Records excerpted from a collection
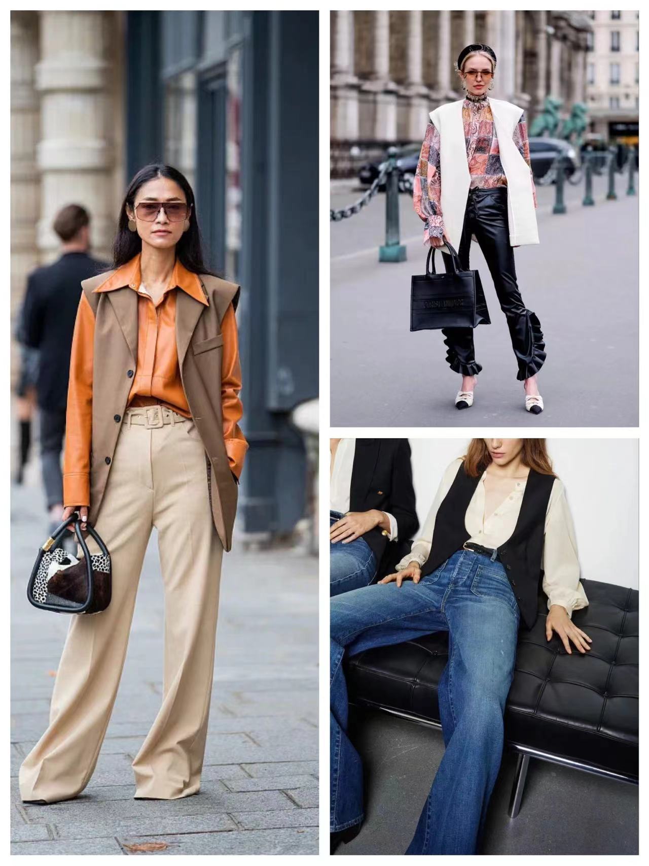 西装马甲和皮马甲相比针织马甲来说更为成熟一些,但利落大方,更硬朗、更有线条感和立体感,搭配牛仔裤或阔腿裤,酷帅十足。
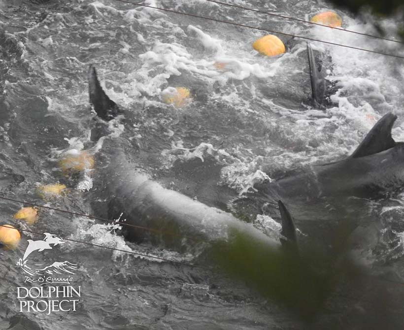 Ric O'Barrys Dolphin Project filmte und veröffentlichte die unglaublich Grausamkeit die der Streifendelfin Familie am 8. November 2018 angetan wurde.
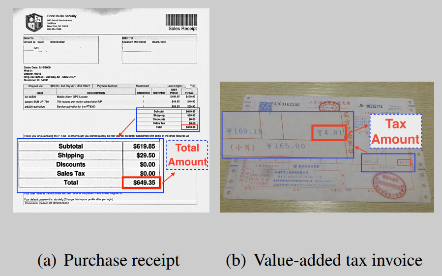 信息抽取(Information Extraction, IE)领域有两个经典的解决方案,一个是基于规则的正则表达式匹配,另一个是基于学习的BiLSTM+CRF方法。在版式较为固定的情况下,这两种方法都可以取得良好的结果。例如,在ICDAR 2019的发票信息抽取比赛SROIE [1] 中,冠军队伍就是采用了正则表达式,而季军队伍采用的是BiLSTM+CRF方法。但是对于版面复杂、视觉信息丰富(Visually Rich Documents,VRD)的文档,如图1所示,这两种方法都忽略了视觉等关键信息,从而使得IE准确率下降。
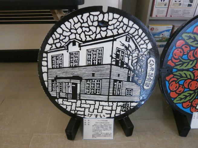本市と友好都市である山形県東根市及び、交流のある北海道北見市より寄贈されたデザインマンホール蓋を下水道課(市役所鳴瀬庁舎2階)前に展示しております。
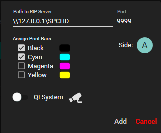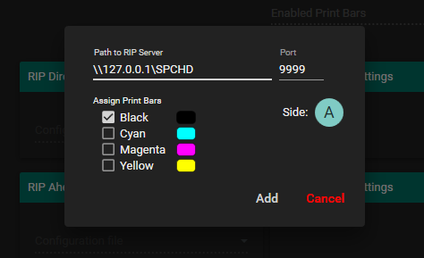 Use the collection of checkboxes to assign one or more print bars to the RIP Server.
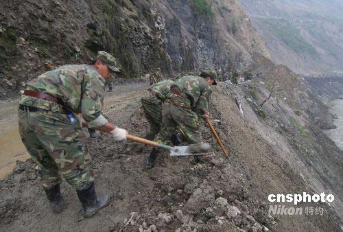 武警在搶修到汶川縣映秀鎮(zhèn)的公路。中新社發(fā) 郭國(guó)權(quán) 攝
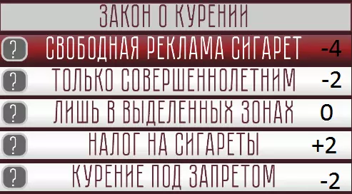 语言问题 1) +8 2) +4 3) 0 4) -4 5) -8 公民身份问题 1) +8 2) +4 3) 0 4) -4 5) -8 国家体制 1) -8 2) -4 3) 0 4) +4 5) +8 经济自由度 经济自由度 最大值 100 最小值 -100 75-100 自由放任(LAISSEZ-FAIRE) 40-75 受控市场 5-40 统制经济 -29-5 混合经济 -65- -30 国家资本主义 -100- -65 国家垄断 道路法 1)+6 2)+3 3)0 4)-3 5)-6 养老金保障 1)+6 2)+3 3)0 4)-3 5) -6 劳动法 1)+6 2)+3 3)0 4)-3“熟人”已完全融入东方阵营(经济自由度>-30 政治自由度<75)5)-6 酒精法案 1)+6 2)+3 3)0 4)-3 5)-6 吸烟法案 1)+6 2)+3 3)0 4)-3 5)-6 大麻法案 1)+6 2)+3 3)0 4)-3 5)-6 医疗保健 1)-6 2)-3 3)0 4)+3 5)+6 政府干预 1)-6 2)-3 3)0 4)+3 5)+6 博彩业 1)-6 2)-3 3)0 4)+3 5)+6 公民身份问题 1)+6 2)+3 3)0 4)-3 5)-6 公共交通 1)-6 2)-3 3)0 4)+3 5)+6 财产税 1)-6 2)-3 3)0 4)+3 5)+6 个人所得税 1)-6 2)-3 3)0 4)+3 5)+6 土地税 1)-6 2)-3 3)0 4)+3 5)+6 公共事业服务 1)-6 2)-3 3)0 4)+3 5)+6 增值税 1)-6 2)-3 3)0 4)+3 5)+6 社会福利金 1)+6 2)+3自我实现自由 自我实现自由 最大值102 最小值-90 75-102 大规模自我实现 40-65 有限机会 10-40 最小机会 -30- -10 精英主义 -65- -30 无权 -90- -65 种姓制度 武器携带法 1) -4 2) -2 3) 0 4) +2 5) +4 边境管控 1) +5 2) +3 3) 0 4) -2 5) -4 养老金保障 1) -5 2) -2 3) 0 4) +2 5) +4 污染管控 1) -5 2) -2 3) 0 4) +2 5) +4 劳动法 1) -4 2) -2 3) 0 4) +2 5) +5 司法管控 1) +5 2) +2 3) 0 4) -2 5) -4酒精法案 1) -4 2) -2 3) 0 4) +2 5) +5 吸烟法案 1) -4 2) -2 3) 0 4) +2 5) -2 大麻法案 1) +5 2) +2 3) 0 4) -2 5) 0 警察权力 1) +5 2) +2 3) 0 4) -2 5) -4 特勤部门权力 1) +4 2) +2 3) 0 4) -3 5) -5 医疗保健 1) +5 2) +3 3) 0 4) -2 5) -4 堕胎法案 1) -4 2) -2 3) 0 4) +2 5) +5 博彩业 1) +5 2) +2 3) 0 4) -2 5) -4 人口问题 1) -2 2) +2 3) 0 4) -2 5) -5 公共交通 1) +5 2) +2 3) 0 4) -2 5) -4 财产税 1) +5 2) +2 3) 0 4) -2 5) -4 所得税 1) +5 2) +2 3) 0 4) -2 5) -4 土地税 1) +5 2) +2 3) 0 4) -2 5) -4公共服务 1) +5 2) +2 3) 0 4) -2 5) -4 增值税 1) -4 2) -2 3) 0 4) +2 5) +5 社会救济金 1) -4 2) -2 3) 0 4) +2 5) +5 与自由相关的成就 "啊,美妙的新世界" 政治自由:最大 "精神力量是不可战胜的" 政治自由:最小 "阿特拉斯耸耸肩" 经济自由:最大 "我们光荣地守护列宁的遗训" 经济自由:最小 "各尽所能" 自我实现自由:最高“回到过去!” 自我实现自由:最低 “21世纪共产主义” 共产党需与俄罗斯东正教会保持最高关系,并拥有最高经济自由 “来自日里诺夫斯基孩子们的问候!”对于自由党而言,在政治自由方面实行专制主义,在经济方面推行国家垄断,即“西方新加坡”模式。俄罗斯统一民主党/自民党/民族主义人民党(СДПР/СПР/ННП)的特点是政治自由程度最低,经济自由程度最高,总体投资水平达99-100%,生活水平最高。“人民之声”(Zeri i Popullit)主张共产党应将政治自由和经济自由都降至最低,禁止所有其他政党,且共和国不加入任何协议。独联体与欧盟“家家有本难念的经”。作为威权国家(所有自由度极低),要完全融入西方阵营(政治自由度>5;经济自由度>40)(融入后可修改法律)“列宁,你错了!”“为共产党完全融入西方集团(政治自由度>5;经济自由度>40)(融入后可修改法律)”“新欧洲大家庭”完全融入西方集团(政治自由度>5;经济自由度>40)“所有动物一律平等,但有些动物比其他动物更平等”在完全镇压少数民族的情况下融入欧盟(政治自由度>5;经济自由度>40)(融入后可修改法律)“旧”
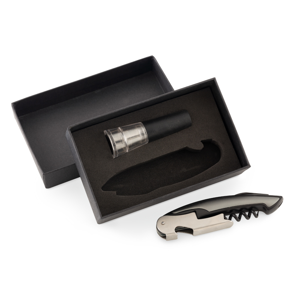Set de vino con descorchador y tapón de vacío. Empaque caja individual.
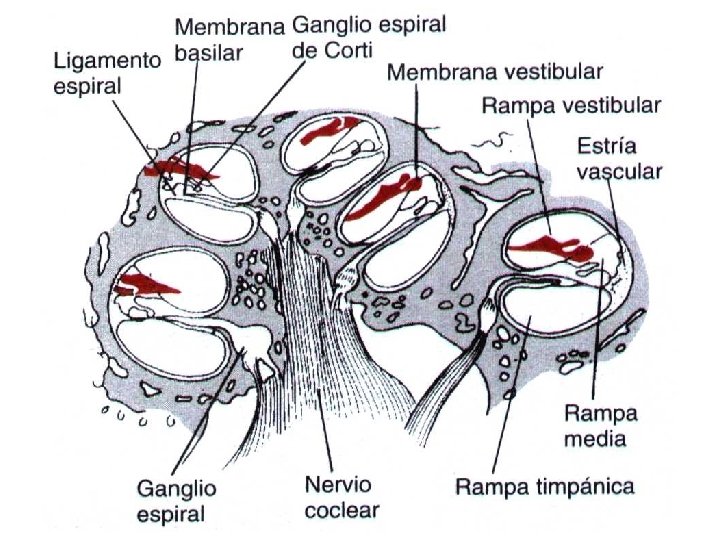 Oído Interno n Morfología Coclear: • Rampa Central o coclear • Rampa Vestibular • Rampa Timpánica
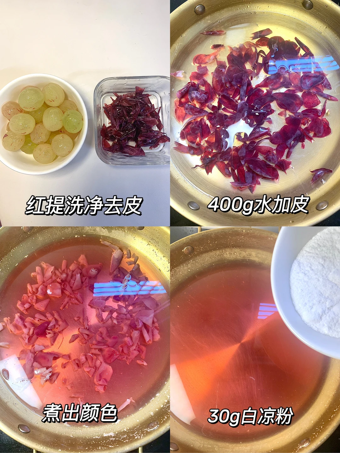 咱就是说这个提子奶冻也太好喝了吧,酸酸甜甜,奶味浓郁,绝绝子[赞R] 夏天想喝饮料了,就喝这个! 🍇食材:红提100g➕白凉粉30g➕白糖15g➕牛奶 🥣做法:如图所示~ 量可以根据自己买的食材调整哦~
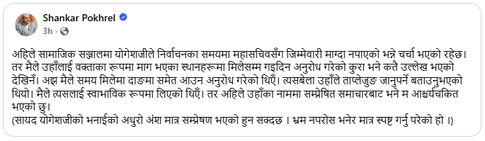 कुनै समय शंकर पोखरेलको भित्री सहयोगीको रूपमा काम गर्नुभएको राईले शनिबार योगेका बारेमा पोखरेलले भ्रम छर्न खोजेपछि लामो टिप्पणीसहित त्यसको प्रतिवादन गर्नुभएको छ । प्रश्न सुन्न नसकेर पत्रकारहरूलाई फेसबुकमा ब्लक गर्ने अभियानमा केन्द्रीत पोखरेलले शनिबार योगेशका बारेमा भन्नुभएको थियो, ‘अहिले सामाजिक सञ्जालमा योगेशजीले निर्वाचनका समयमा महासचिवसँग जिम्मेवारी माग्दा नपाएको भन्ने चर्चा भएको रहेछ। तर मैले उहाँलाई वक्ताका रूपमा माग भएका स्थानहरूमा मिलेसम्म गइदिन अनुरोध गरेको कुरा भने कतै उल्लेख भएको देखिनँ। अझ मैले समय मिलेमा दाङमा समेत आउन अनुरोध गरेको थिएँ। त्यसबेला उहाँले ताप्लेजुङ जानुपर्ने बताउनुभएको थियो। मैले त्यसलाई स्वाभाविक रूपमा लिएको थिएँ। तर अहिले उहाँका नाममा सम्प्रेषित समाचारबाट भने म आश्चर्यचकित भएको छु। (सायद योगेशजीको भनाईको अधुरो अंश मात्र सम्प्रेषण भएको हुन सक्दछ । भ्रम नपरोस भनेर मात्र स्पष्ट गर्नु परेको हो ।)’
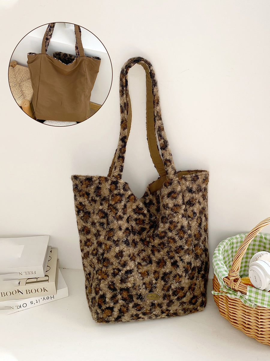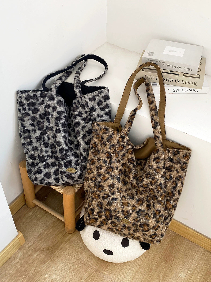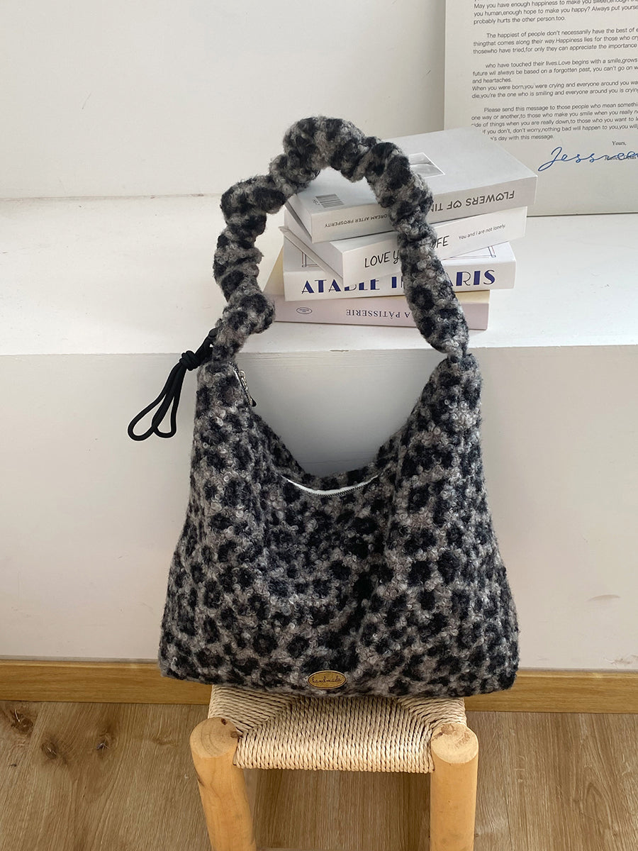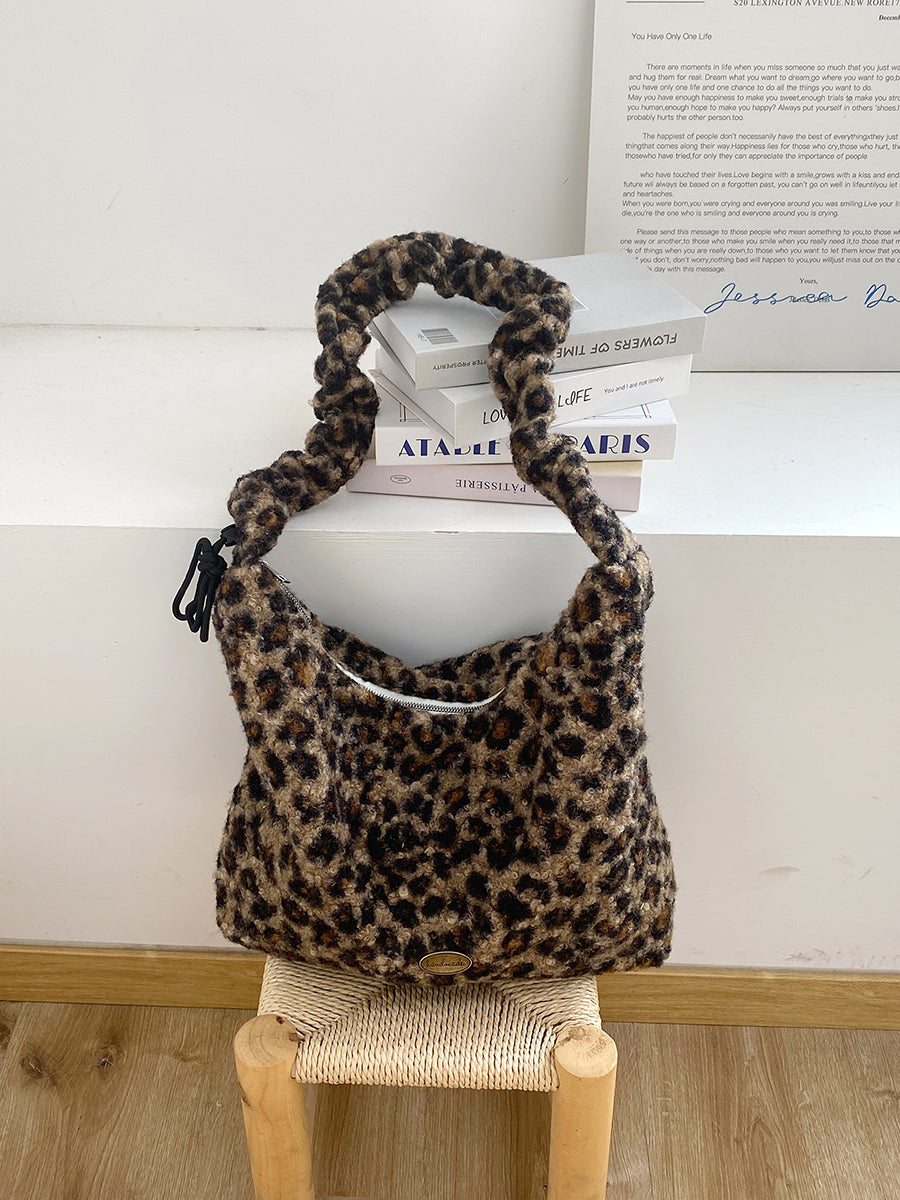 Women Winter Artsy Leopard Print Fleece Shoulder Bag
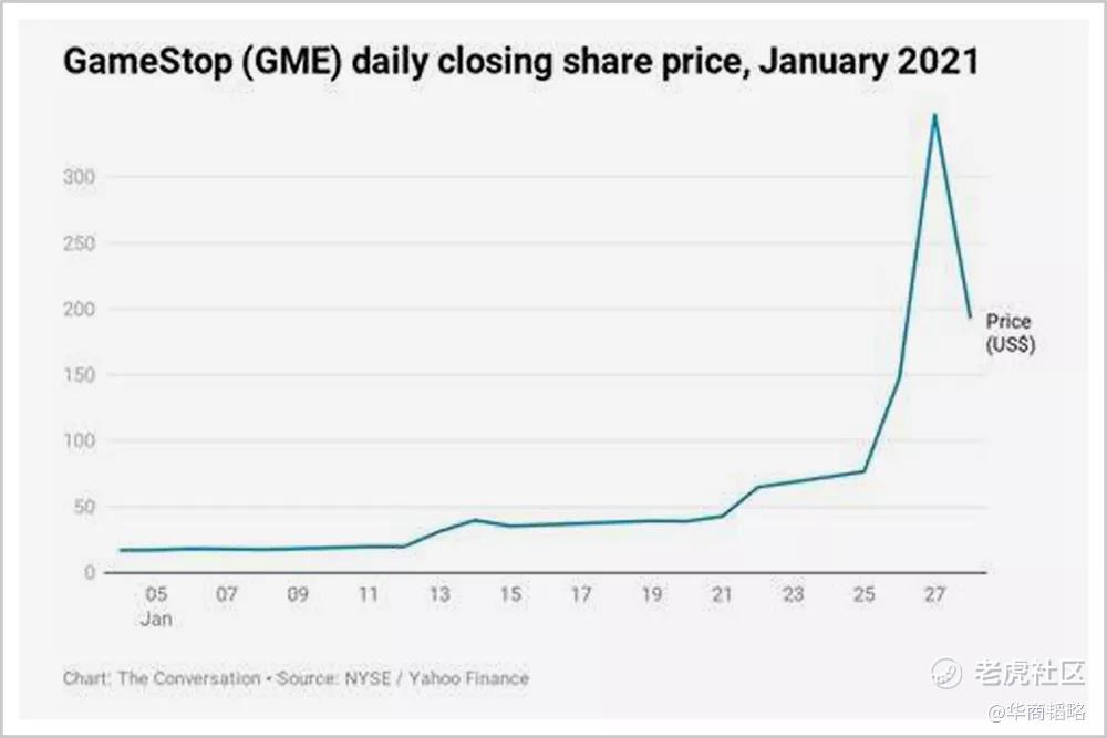 這天之前,大量美股散戶抱團,大規模買入一家線下游戲公司Gamestop(遊戲驛站,GME)的股票,硬生生地把GME這支股價在2020年長期低於10美元的“垃圾股”,拉高到最高483美元/股。
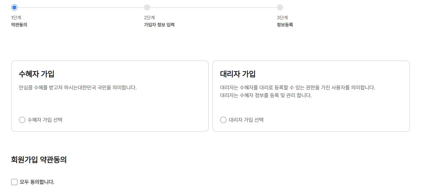 일단 수혜자 가입으로 진행해봤습니다. 캡챠 인증후 휴대폰본인증이 있습니다. 로봇이 아닙니다를 눌러주세요.
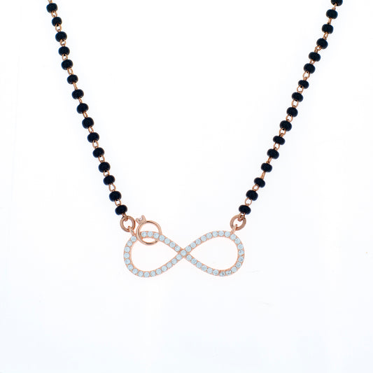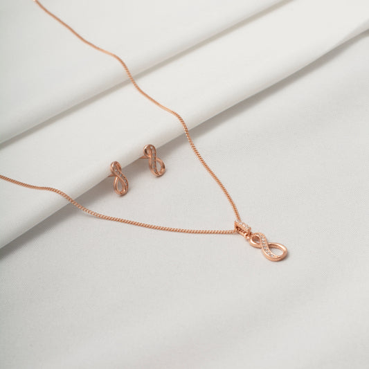 Rose Gold Infinity Pendant and Earring Set with Diamond Accents
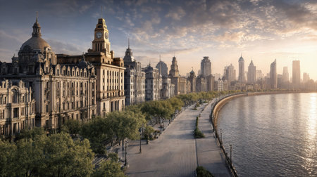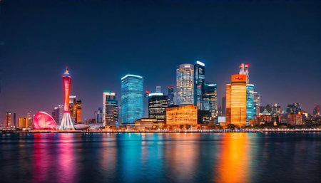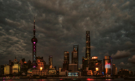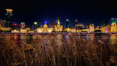 The Bund waterfront in Shanghai, China, where illuminated historic edifices and shimmering modern skyscrapers converge along a reflecting river to reveal an iconic urban vista
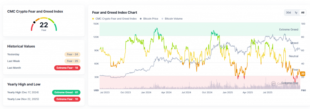 Die Angst bleibt am Markt bestimmend, Quelle: https://coinmarketcap.com

*What you are asked to do*.
Reproduce verbatim every line starting at the line that holds "Set de vino" and ending with the final line of the data; omit the pictures.

*Solution to the problem*.
Set de vino con descorchador y tapón de vacío. Empaque caja individual.
 Oído Interno n Morfología Coclear: • Rampa Central o coclear • Rampa Vestibular • Rampa Timpánica
 咱就是说这个提子奶冻也太好喝了吧,酸酸甜甜,奶味浓郁,绝绝子[赞R] 夏天想喝饮料了,就喝这个! 🍇食材:红提100g➕白凉粉30g➕白糖15g➕牛奶 🥣做法:如图所示~ 量可以根据自己买的食材调整哦~
 कुनै समय शंकर पोखरेलको भित्री सहयोगीको रूपमा काम गर्नुभएको राईले शनिबार योगेका बारेमा पोखरेलले भ्रम छर्न खोजेपछि लामो टिप्पणीसहित त्यसको प्रतिवादन गर्नुभएको छ । प्रश्न सुन्न नसकेर पत्रकारहरूलाई फेसबुकमा ब्लक गर्ने अभियानमा केन्द्रीत पोखरेलले शनिबार योगेशका बारेमा भन्नुभएको थियो, ‘अहिले सामाजिक सञ्जालमा योगेशजीले निर्वाचनका समयमा महासचिवसँग जिम्मेवारी माग्दा नपाएको भन्ने चर्चा भएको रहेछ। तर मैले उहाँलाई वक्ताका रूपमा माग भएका स्थानहरूमा मिलेसम्म गइदिन अनुरोध गरेको कुरा भने कतै उल्लेख भएको देखिनँ। अझ मैले समय मिलेमा दाङमा समेत आउन अनुरोध गरेको थिएँ। त्यसबेला उहाँले ताप्लेजुङ जानुपर्ने बताउनुभएको थियो। मैले त्यसलाई स्वाभाविक रूपमा लिएको थिएँ। तर अहिले उहाँका नाममा सम्प्रेषित समाचारबाट भने म आश्चर्यचकित भएको छु। (सायद योगेशजीको भनाईको अधुरो अंश मात्र सम्प्रेषण भएको हुन सक्दछ । भ्रम नपरोस भनेर मात्र स्पष्ट गर्नु परेको हो ।)’
 Women Winter Artsy Leopard Print Fleece Shoulder Bag
 這天之前,大量美股散戶抱團,大規模買入一家線下游戲公司Gamestop(遊戲驛站,GME)的股票,硬生生地把GME這支股價在2020年長期低於10美元的“垃圾股”,拉高到最高483美元/股。
 일단 수혜자 가입으로 진행해봤습니다. 캡챠 인증후 휴대폰본인증이 있습니다. 로봇이 아닙니다를 눌러주세요.
 Rose Gold Infinity Pendant and Earring Set with Diamond Accents
 The Bund waterfront in Shanghai, China, where illuminated historic edifices and shimmering modern skyscrapers converge along a reflecting river to reveal an iconic urban vista
 Die Angst bleibt am Markt bestimmend, Quelle: https://coinmarketcap.com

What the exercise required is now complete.